Collection entries:
►

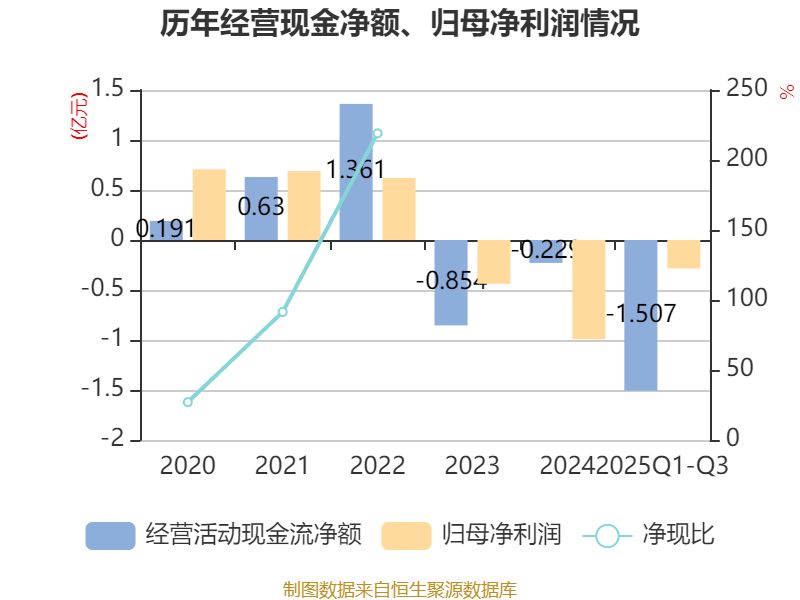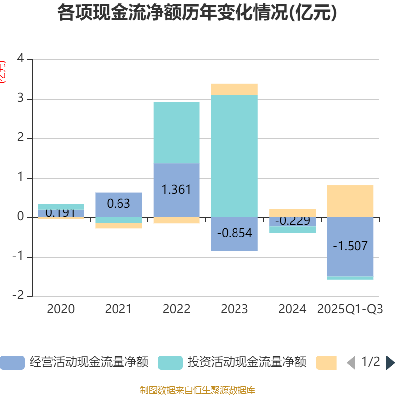 2025年前三季度,公司经营活动现金流净额为-1.51亿元,同比减少1.3亿元;筹资活动现金流净额8120.09万元,同比增加5699.12万元;投资活动现金流净额-783.39万元,上年同期为-1486.3万元。
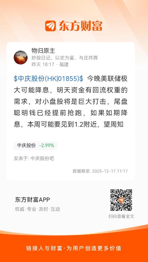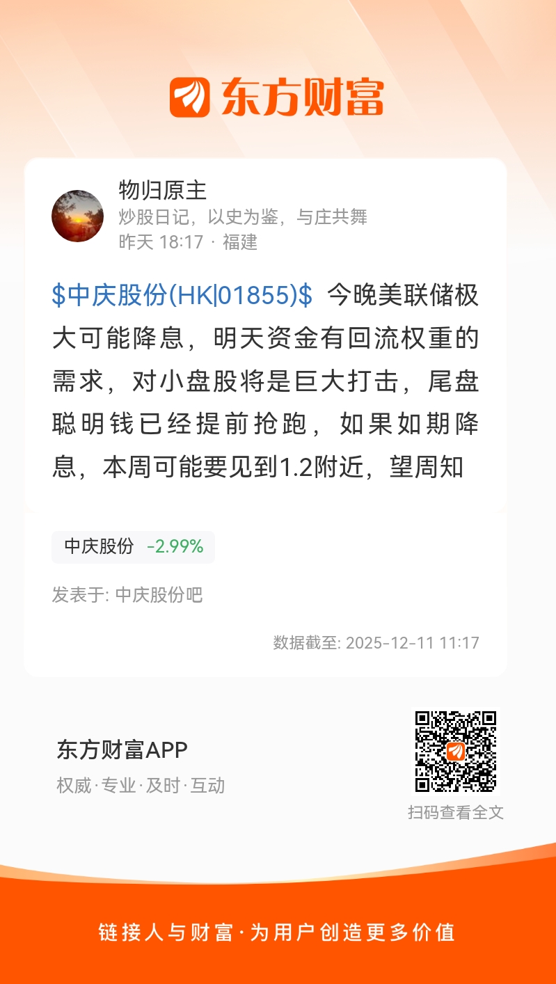 $中庆股份(HK|01855)$ 今晚美联储极大可能降息,明天资金有回流权重的需求,对小盘股将是巨大打击,尾盘聪明钱已经提前抢跑,如果如期降息,本周可能要见到1.2附近,望周知
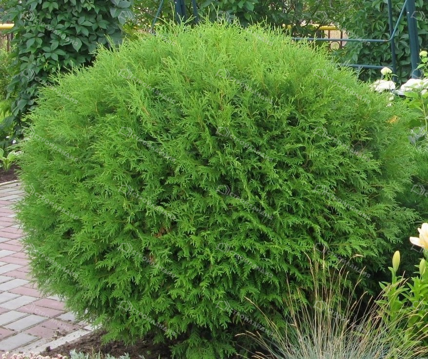 Туя западная Глобоза – карликовая форма туи западной, достигает 1,5 м высотой и около 1,5 м шириной. Форма кроны округлая. Растет быстро. В 10 лет более 1 м в ширину. Старые экземпляры часто теряют компактную сферическую крону. Побеги прямые и плоские, подняты вверх, густо расположены, перекрывающиеся, равномерно разрастающиеся в стороны. Хвоя чешуевидная, светло-зеленая весной, зеленая летом и серо-зеленая или коричневатая зимой, с блестящими железками.
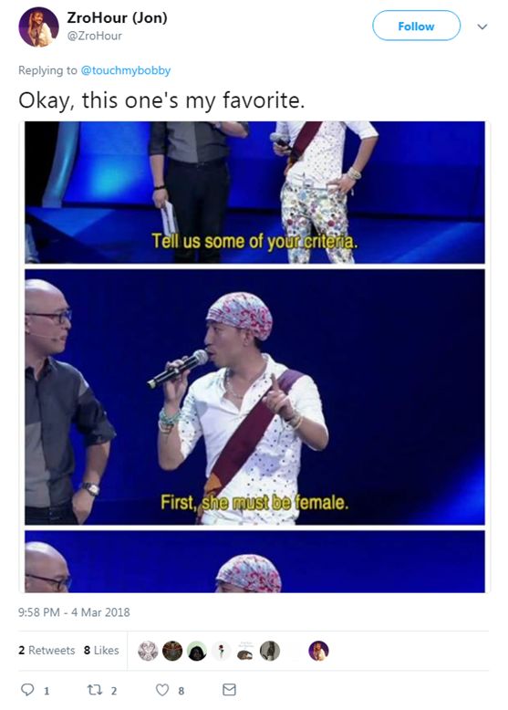 比如這位小哥說的:我的理想型是“性別女,愛好男”。
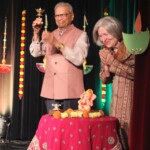 Doors were opened at around 16:00 hrs. The program started with a short welcome in the reception area with traditional Diwali delicacies (Faral) at 16:30 hrs reminding everyone of the celebrations back in India. For this program desipass.com was our ticketing partner. At 16:45h the program began with formal Vidyut Deep Prajwalan by Dr. Amritlal Sawal & Mrs. Karin Sawla followed by the moderated cultural
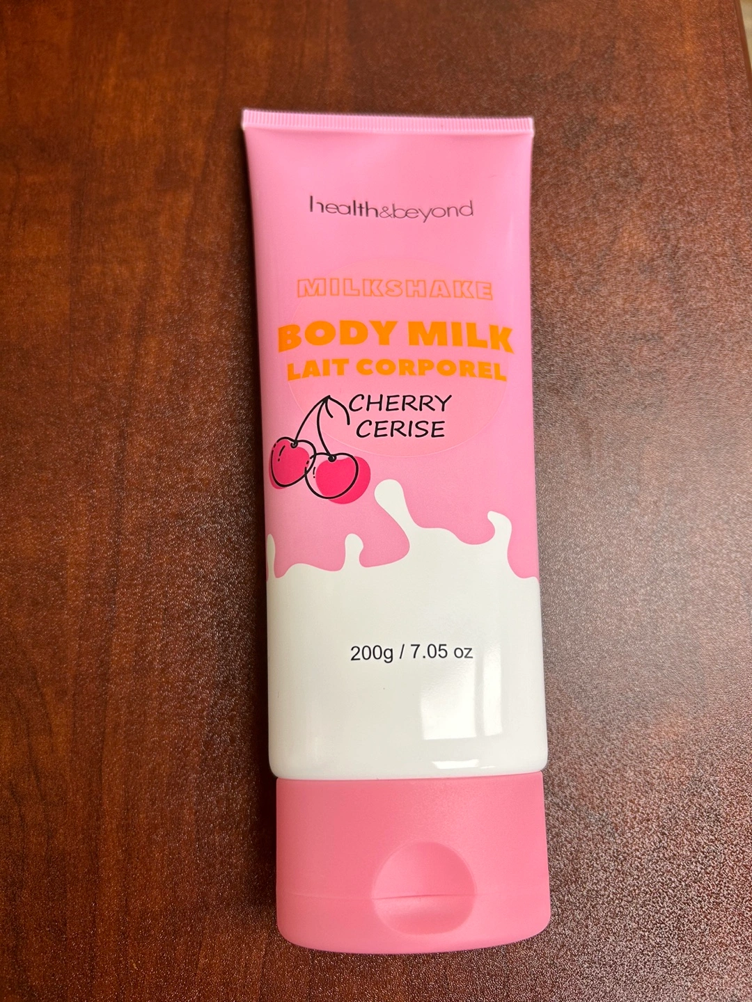 New, unopened tube of Health & Beyond Milkshake Body Milk in Cherry scent. 200g / 7.05 oz. Pink tube with a flip-top cap.
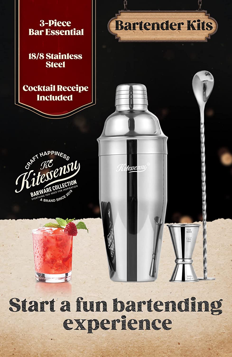 Add Master Mixologist to Your Resume: Curated by KITESSENSU with the cocktail enthusiast in mind, this 3-piece cocktail shaker set has everything mixology kit you need to make cocktails, whether you’re a bartender looking for quality drink mixer set, or a home mixologist to get started creating and serving drinks from your own entertainment space
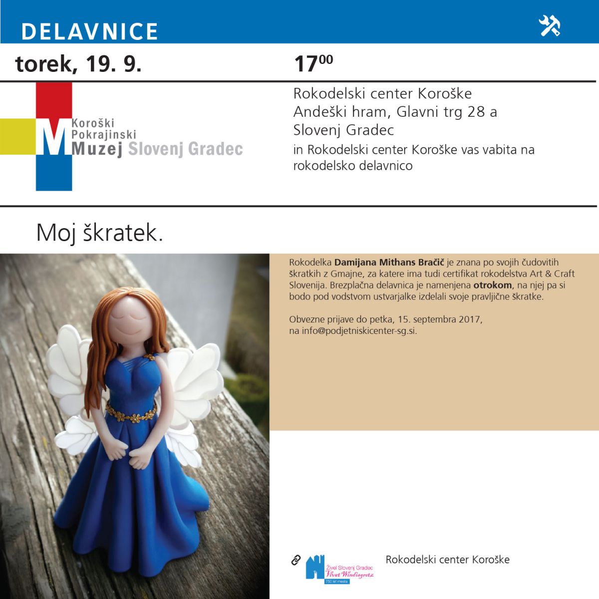 Rokodelka Damijana Mithans Bračič je znana po svojih čudovitih škratkih z Gmajne, za katere ima tudi certifikat rokodelstva Art & Craft Slovenija. Brezplačna delavnica je namenjena otrokom, na njej pa si bodo pod vodstvom ustvarjalke izdelali svoje pravljične škratke.
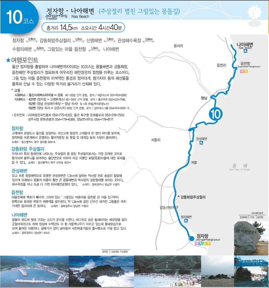 특징 : 울산의 정자항을 출발하여 강동해변과 신명해변, 경주 관성해수욕장 그리고 수렴리해변을 거쳐 나아해변까지 이르는 10코스는 지속적으로 이어지는 몽돌해변과 강동화암, 읍천해안 주상절리가 절묘하게 어우러진 해안 경관이 절정을 이루는 코스이다. 특히 양남면 하서항부터 읍천항 벽화마을까지 1.7km가량 조성된 ’양남 주상절리 파도소리길‘은 일반 주상절리와는 확연히 다른 누워있는 주상절리, 부채꼴 주상절리 등 독특한 자연자원을 만날 수 있어 그 가치가 뚜렷하며 자연이 수놓은 장관을 감상할 수 있는 최고의 여정으로 손색이 없다. 또한 ’파도소리길‘을 벗어나자마자 등장하는 ’읍천항‘은 값싸고 싱싱한 생선회를 먹기에 딱 좋다. 활어직판장에서 ’참가자미‘ 회를 떠 바닷가에서 먹는 맛은 일품이라 하겠다.
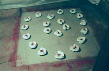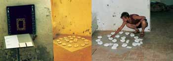 Papierobjekte, Watte, Transparentpapier und Eisenoxid
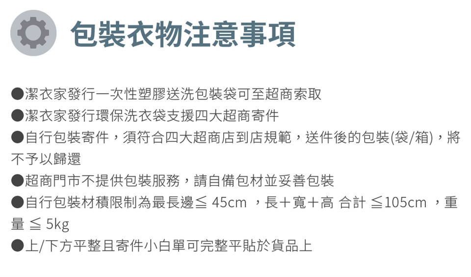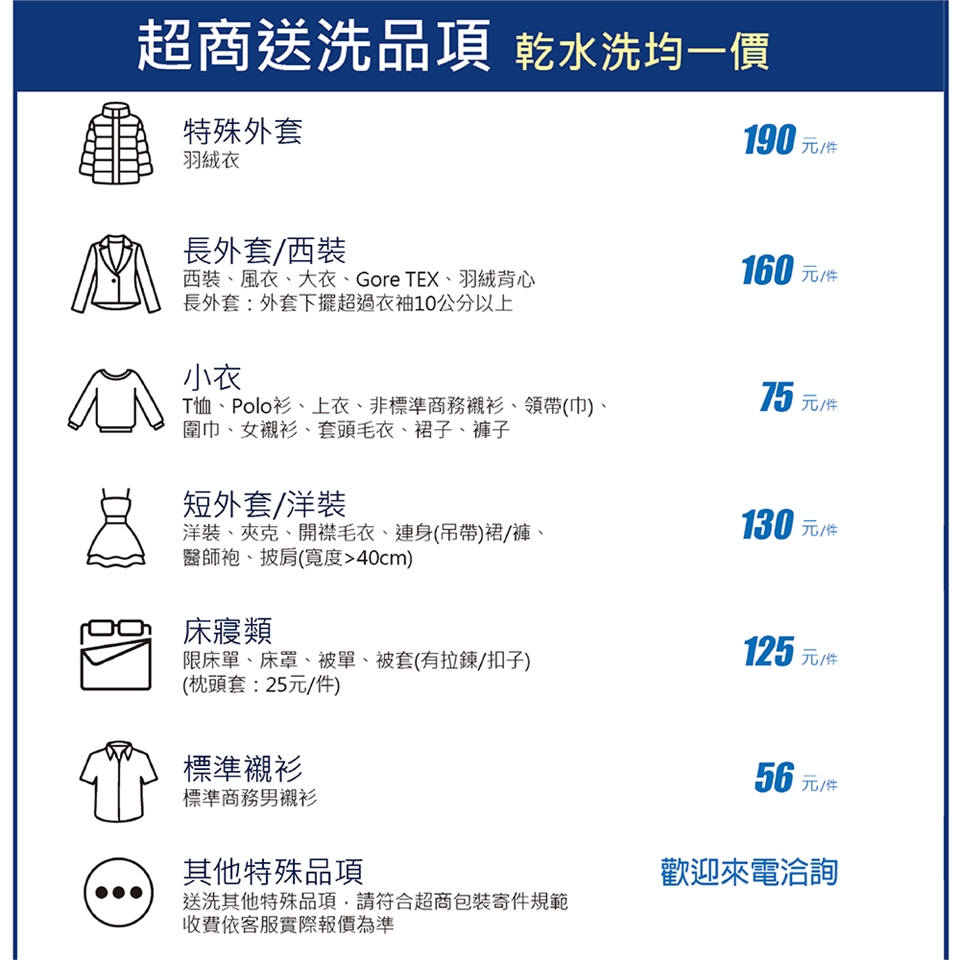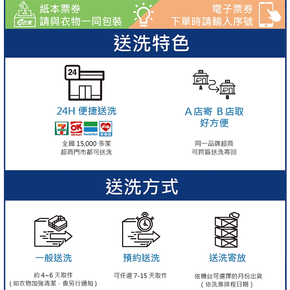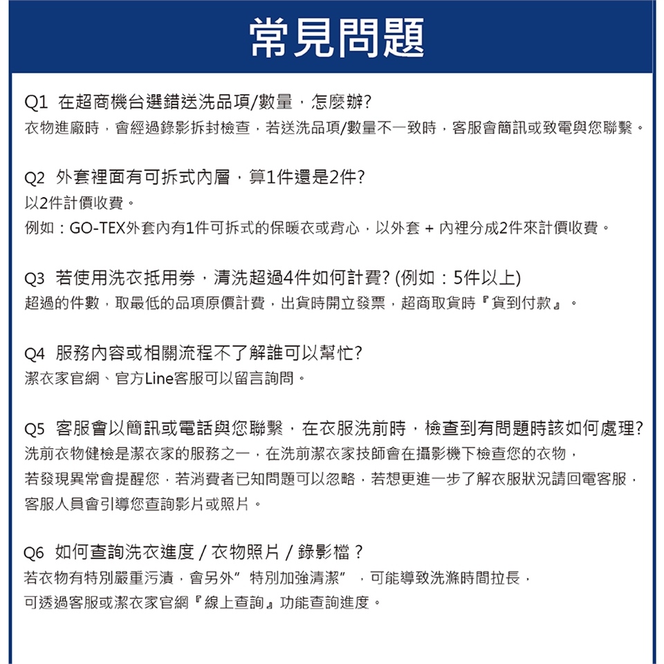 【使用注意事項】 ◎不得與其他優惠合併使用,恕無法兌換現金及找零 ◎請持手機簡訊或e-mail兌換券到潔衣家官網、55688APP下單輸入序號使用 ◎兌換券逾期未使用,可辦理退費。 以上規範如與兌換券不同,則依兌換券為準。
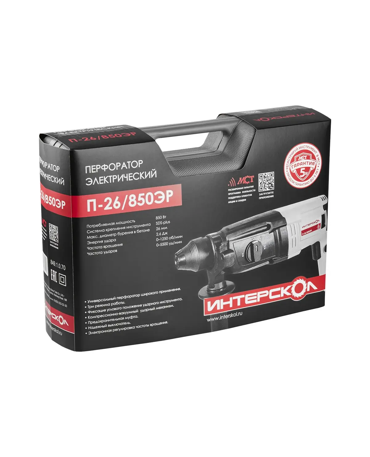 Перфоратор ИНТЕРСКОЛ П-26/850ЭР 850 Вт, 3 реж., 2.6 Дж, SDS+, 2.9 кг, кейс
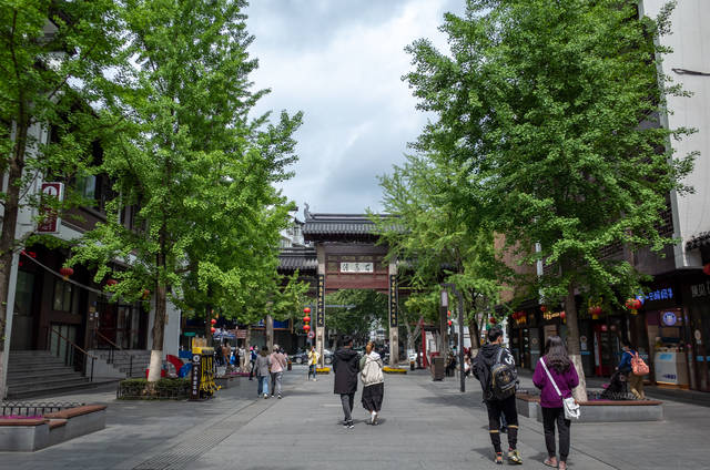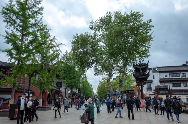 走到夫子庙景区内,虽然今天天气不好,但街道上已经有许多的游人前来游玩,春天的夫子庙,街道边的树木已是郁郁葱葱,游人穿梭其中,好不热闹。

◄

The expected output is each entry given again word for word, with pictures dropped.

**RESULT BELOW:**
 2025年前三季度,公司经营活动现金流净额为-1.51亿元,同比减少1.3亿元;筹资活动现金流净额8120.09万元,同比增加5699.12万元;投资活动现金流净额-783.39万元,上年同期为-1486.3万元。
 $中庆股份(HK|01855)$ 今晚美联储极大可能降息,明天资金有回流权重的需求,对小盘股将是巨大打击,尾盘聪明钱已经提前抢跑,如果如期降息,本周可能要见到1.2附近,望周知
 Туя западная Глобоза – карликовая форма туи западной, достигает 1,5 м высотой и около 1,5 м шириной. Форма кроны округлая. Растет быстро. В 10 лет более 1 м в ширину. Старые экземпляры часто теряют компактную сферическую крону. Побеги прямые и плоские, подняты вверх, густо расположены, перекрывающиеся, равномерно разрастающиеся в стороны. Хвоя чешуевидная, светло-зеленая весной, зеленая летом и серо-зеленая или коричневатая зимой, с блестящими железками.
 比如這位小哥說的:我的理想型是“性別女,愛好男”。
 Doors were opened at around 16:00 hrs. The program started with a short welcome in the reception area with traditional Diwali delicacies (Faral) at 16:30 hrs reminding everyone of the celebrations back in India. For this program desipass.com was our ticketing partner. At 16:45h the program began with formal Vidyut Deep Prajwalan by Dr. Amritlal Sawal & Mrs. Karin Sawla followed by the moderated cultural
 New, unopened tube of Health & Beyond Milkshake Body Milk in Cherry scent. 200g / 7.05 oz. Pink tube with a flip-top cap.
 Add Master Mixologist to Your Resume: Curated by KITESSENSU with the cocktail enthusiast in mind, this 3-piece cocktail shaker set has everything mixology kit you need to make cocktails, whether you’re a bartender looking for quality drink mixer set, or a home mixologist to get started creating and serving drinks from your own entertainment space
 Rokodelka Damijana Mithans Bračič je znana po svojih čudovitih škratkih z Gmajne, za katere ima tudi certifikat rokodelstva Art & Craft Slovenija. Brezplačna delavnica je namenjena otrokom, na njej pa si bodo pod vodstvom ustvarjalke izdelali svoje pravljične škratke.
 특징 : 울산의 정자항을 출발하여 강동해변과 신명해변, 경주 관성해수욕장 그리고 수렴리해변을 거쳐 나아해변까지 이르는 10코스는 지속적으로 이어지는 몽돌해변과 강동화암, 읍천해안 주상절리가 절묘하게 어우러진 해안 경관이 절정을 이루는 코스이다. 특히 양남면 하서항부터 읍천항 벽화마을까지 1.7km가량 조성된 ’양남 주상절리 파도소리길‘은 일반 주상절리와는 확연히 다른 누워있는 주상절리, 부채꼴 주상절리 등 독특한 자연자원을 만날 수 있어 그 가치가 뚜렷하며 자연이 수놓은 장관을 감상할 수 있는 최고의 여정으로 손색이 없다. 또한 ’파도소리길‘을 벗어나자마자 등장하는 ’읍천항‘은 값싸고 싱싱한 생선회를 먹기에 딱 좋다. 활어직판장에서 ’참가자미‘ 회를 떠 바닷가에서 먹는 맛은 일품이라 하겠다.
 Papierobjekte, Watte, Transparentpapier und Eisenoxid
 【使用注意事項】 ◎不得與其他優惠合併使用,恕無法兌換現金及找零 ◎請持手機簡訊或e-mail兌換券到潔衣家官網、55688APP下單輸入序號使用 ◎兌換券逾期未使用,可辦理退費。 以上規範如與兌換券不同,則依兌換券為準。
 Перфоратор ИНТЕРСКОЛ П-26/850ЭР 850 Вт, 3 реж., 2.6 Дж, SDS+, 2.9 кг, кейс
 走到夫子庙景区内,虽然今天天气不好,但街道上已经有许多的游人前来游玩,春天的夫子庙,街道边的树木已是郁郁葱葱,游人穿梭其中,好不热闹。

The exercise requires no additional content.